■ **Problem description**:
A verbatim copy of the data is wanted, minus any picture in it.

■ **Data**:

__________

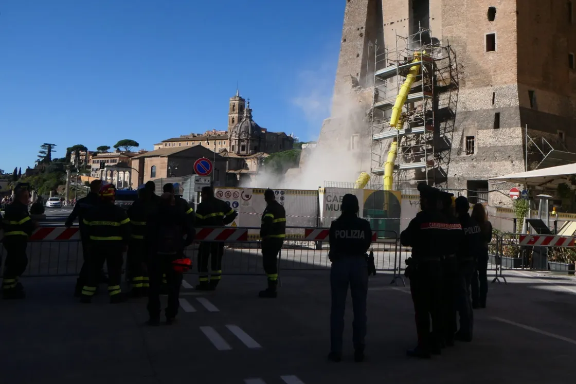 L'area intorno alla Torre è da ieri ormai transennata e presidiata da polizia, carabinieri e vigili del fuoco per evitare l’avvicinamento dei passanti e dei turisti. E questa mattina si sono sono verificate altre piccole cadute di detriti e calcinacci dopo il doppio crollo di ieri, che hanno provocato una nube di polvere a largo Corrado Ricci, all’incrocio tra via dei Fori Imperiali e via Cavour.
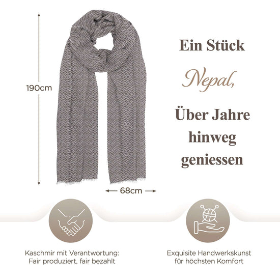 Unsere Kaschmirprodukte stammen aus der atemberaubenden Himalaya-Region Nepals. Dort, in den majestätischen Bergen, finden Sie die Heimat der Kaschmirziegen, die eine der kostbarsten und weichsten Fasern der Welt liefern - Kaschmirwolle. Die traditionellen Techniken des Kaschmirhandwerks wurden über Generationen hinweg von lokalen Handwerkern in Nepal weitergegeben, um die herausragende Qualität unserer Produkte zu gewährleisten.
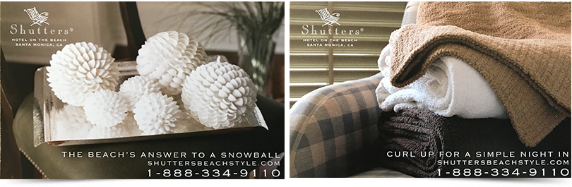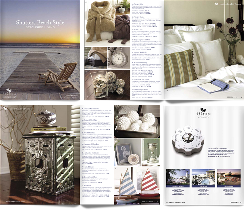 Shutters is home to the most luxuriously casual guest rooms and spa in Santa Monica. Luxury is in every corner. From impeccable service to innovative amenities guests are made to feel like they are in their very own, very exclusive beach home. The In-room catalog and accompanying website allowed guests to bring a piece of their Shutters By The Beach experience home no matter where they live.
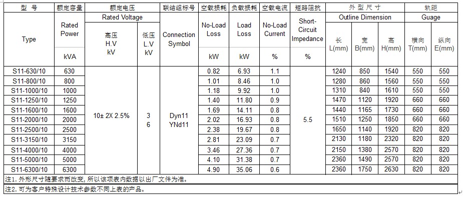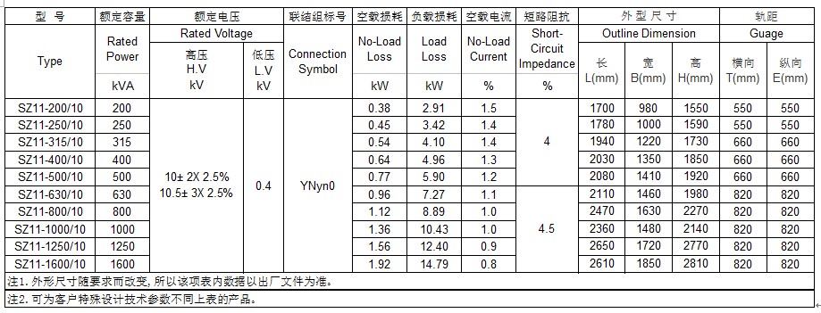 10kV 200~1600kVA三相双绕组有载调压配电变压器性能参数表

__________

■ **Solution to the exercise**:
 L'area intorno alla Torre è da ieri ormai transennata e presidiata da polizia, carabinieri e vigili del fuoco per evitare l’avvicinamento dei passanti e dei turisti. E questa mattina si sono sono verificate altre piccole cadute di detriti e calcinacci dopo il doppio crollo di ieri, che hanno provocato una nube di polvere a largo Corrado Ricci, all’incrocio tra via dei Fori Imperiali e via Cavour.
 Unsere Kaschmirprodukte stammen aus der atemberaubenden Himalaya-Region Nepals. Dort, in den majestätischen Bergen, finden Sie die Heimat der Kaschmirziegen, die eine der kostbarsten und weichsten Fasern der Welt liefern - Kaschmirwolle. Die traditionellen Techniken des Kaschmirhandwerks wurden über Generationen hinweg von lokalen Handwerkern in Nepal weitergegeben, um die herausragende Qualität unserer Produkte zu gewährleisten.
 Shutters is home to the most luxuriously casual guest rooms and spa in Santa Monica. Luxury is in every corner. From impeccable service to innovative amenities guests are made to feel like they are in their very own, very exclusive beach home. The In-room catalog and accompanying website allowed guests to bring a piece of their Shutters By The Beach experience home no matter where they live.
 10kV 200~1600kVA三相双绕组有载调压配电变压器性能参数表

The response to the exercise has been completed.